Participants have built their own Linux-based OSes, but the idea is to collaborate on a single platform in order to make it a stronger competitor. Much like the Linux computer world, software vendors would make money on applications built on top of the OS.
"A lot of this is sort of a unification of all these (separate) efforts into a base platform that meets the needs of more than one vendor," Rosenberg said. "There really is no vendor neutral development on (mobile) Linux. There all different."
Avi Greengart, analyst for market researcher Current Analysis, said broader use of Linux has been hampered by not having a single platform. Most handset manufacturers today, have to build their own Linux-based OS in order to use the technology. Such an effort often supersedes advantages of the OS, which provides standards-based, open-source technology at no charge.

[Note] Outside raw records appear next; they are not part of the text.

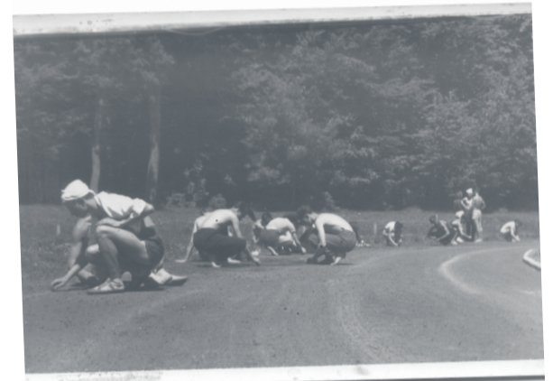
Zdjęcie u góry - sędziowie na mecie 100m. Zdjęcie niżej - ... przebijający na obozie przygotowują bieżnię do zawodów

Rady razem wzięci. Nawet cegłę, cement i papę mógł załatwić! 3. Załatwić w PRL nie znaczyło dać pieniądze na kupno.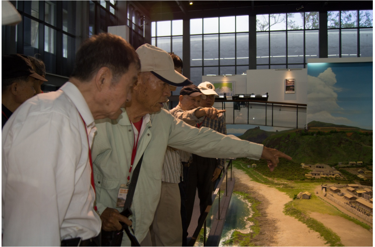
第二梯次重返綠島團員參觀新生訓導處時期全區多媒體展示區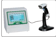
tarama tabancası giriş ürünü kod işlevi (özelleştirilmiş)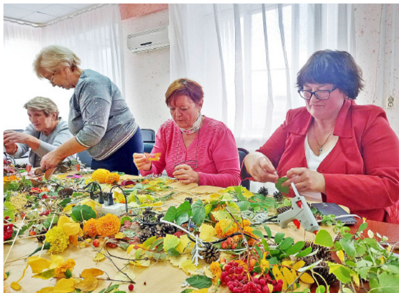
Женщины увлечённо занялись работой, каждое панно получилось оригинальным

водим информационные и праздничные мероприятия, устраиваем выставки даров природы. В нашем районе живут трудолюбивые, творческие, с хорошей выдумкой женщины, поэтому выставки всегда очень интересные и не похожи одна на другую.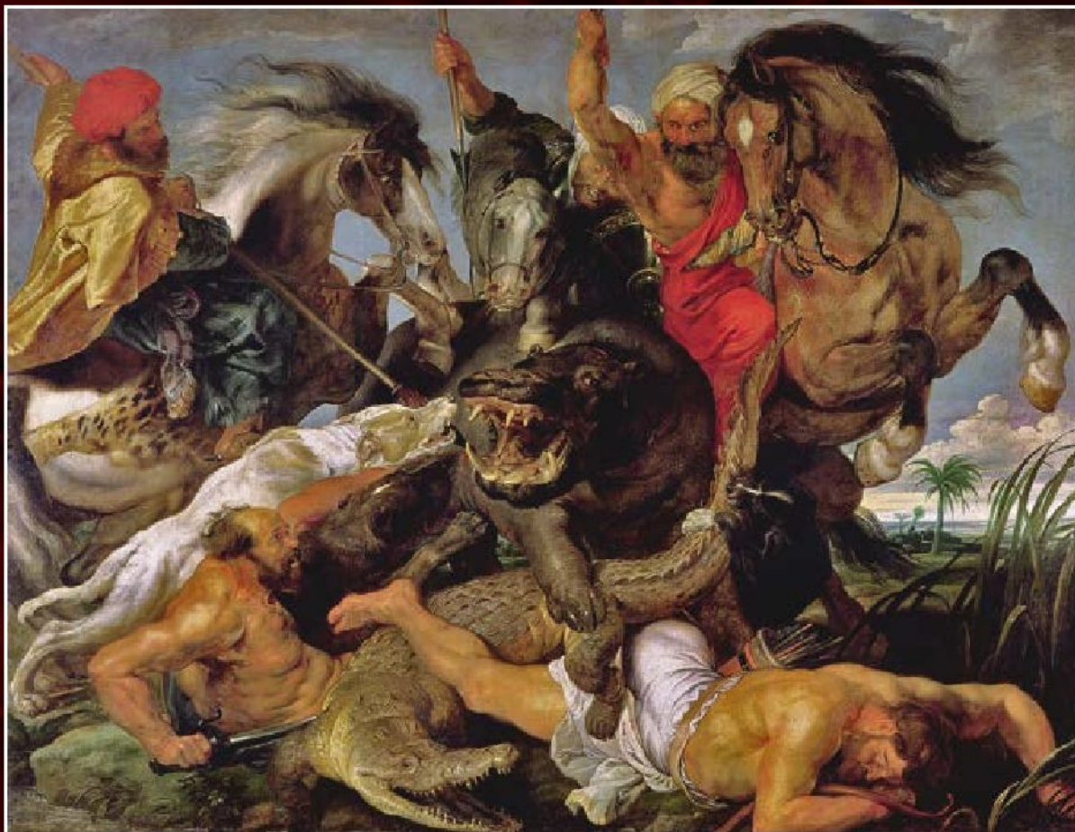
Питер Пауль Рубенс «Охота на гиппопотама», 1615-1618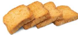
Mini biscotes normales C/ 18x60 und.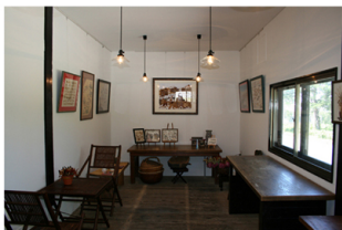
高原にあるみんなのいえ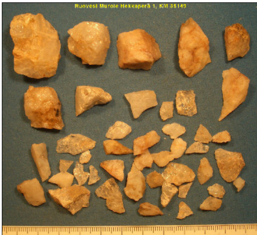
Asuinpaikalta löytyneitä kvartsi-iskoksia ja -ytimiä.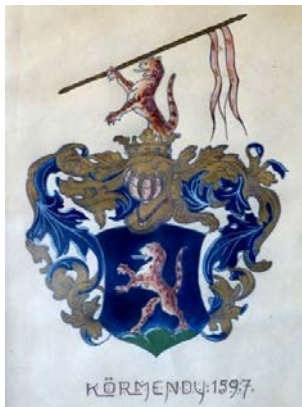
A Körmeny család címere.

Édesanyám továbbra is Rheinbrohlban maradt, bár teveztük, hogy esetleg átköltözne Wolfsburgba. Hűséges baráti köre és számos magyarországi rokonlátogatása segítette lelki fájdalma elviselését. Rövid betegség után, a linzi kórházban 75 éves korában, 14 év után, 1984. március 22-én követte szeretett élettársát Teremtőjéhez. Édesapám mellett közös sírba temették. Sírhelyüket már nem lehetett meghosszabbítani, ezért 2016. elején le kellett bontatnom. Ezzel utolsó földi nyomuk is megsemmisült. Csupán szívünkben él felejthetetlen emlékük.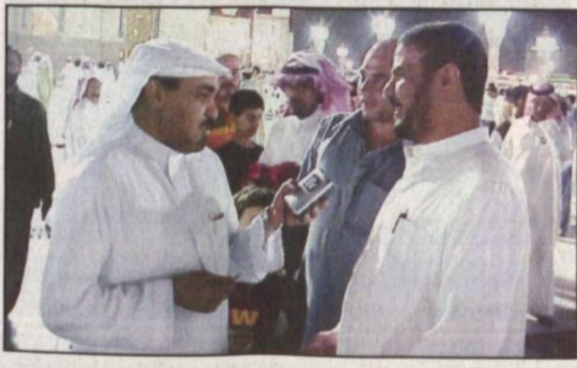
اخذ الزوار يتحدث للزميل الاحمدي

الشريفيين لابتحات الحج اعداد المصلين الذين ادوا صلاة التراويح بالمسجد الحرام ليلة أمس - الساب والعشرين من شهر رمضان - بحوالي مليون مصل، وقال المعهد في بيانه ان هذا العدد يقل عن اعداد المصلين في العام المنصرم بنسبة 15 ٪ تقريبا، داخل المسجد الحرام او من ساحاته، لقياس اعداد المصلين وأوضح ان عدة عناصر بيدروم المسجد الحرام كانت شبه خالية، كما ان امتداد الصفوف في النواحي الشرقية من المسجد كانت اقل من العام الماضي، إضافة الى وجود مساحات شاغرة في المصلين الملحة والمسجد الحرام كصلى مكة مكة للأشياء والتعمير. وأوضح التفسير ان اقتراض المصلين لساحات والطرق قبل امتلاء المسجد يسبب اصافة للفاصدين وذلك بسبب الرغبة في أداء الصلاة في مكان قريب ذي تهوية جيدة، وعزا البيان وجود مساحات شاغرة بالبيدروم الى ضعف النظام الارشادي لمداخل البيدروم سواء من داخل المسجد الحرام او من ساحاته، إضافة الى سوء تنظيم الممرات وضيقتها قبل اقامة الصلاة، كما ان المادة المستخدمة في تحديد الممرات تعمل على اعاقبة المشاة لكثرة ثنياتها وعدم تثبيتها بشكل جيد، وتؤدي الى عرقلة عربات كبار السن والمعاقين، وازاد البيان جهود الرئاسة العامة لشؤون المسجد الحرام في تكتيف الرقابة على البوابات والمداخل، إضافة الى

"The problem has always been there's more promise than delivery with Linux (on mobile devices)," Greengart said. "You end up doing a lot of low-level programming yourself."
Reducing development time is a key selling point for Microsoft, which is marketing Windows Mobile "very, very aggressively" in Europe and particularly in the United States, Greengart said. The advantage of Microsoft are its development tools, which help bring applications to market sooner.
Symbian is also proprietary, but it too delivers much of what's needed by a handset maker.
With the exception of Motorola, there are no major manufacturers in the OSDL group. In order for the effort to succeed, it will need to sign up companies like LG Electronics, Sony Ericsson and Samsung, Greengart said.
PalmSource, however, could give the OSDL a boost In China, a strong and growing cellular phone market. The company, which makes the Palm OS, last year bought China Mobile Ltd., which is developing a Chinese version of Linux.
Even though it uses Symbian in advanced cellular phones, also called smartphones, Nokia in May released a mobile device called the Nokia 770 Internet Tablet on Linux. The Finnish company plans to release a software update in the first half of next year that will support Internet telephony and instant messaging. Analysts have said that the tablet is an indication that Nokia could be planning a Linux-based mobile phone.
Symbian, however is expected to continue dominating the global market for smartphones, reaching 60 percent by 2009 from 55.9 percent last year, according to International Data Corp. Windows Mobile, on the other hand is expected to increase its share to 17.3 percent from 12.7 percent, and Linux is projected to grow to nearly 17 percent from 11.3 percent.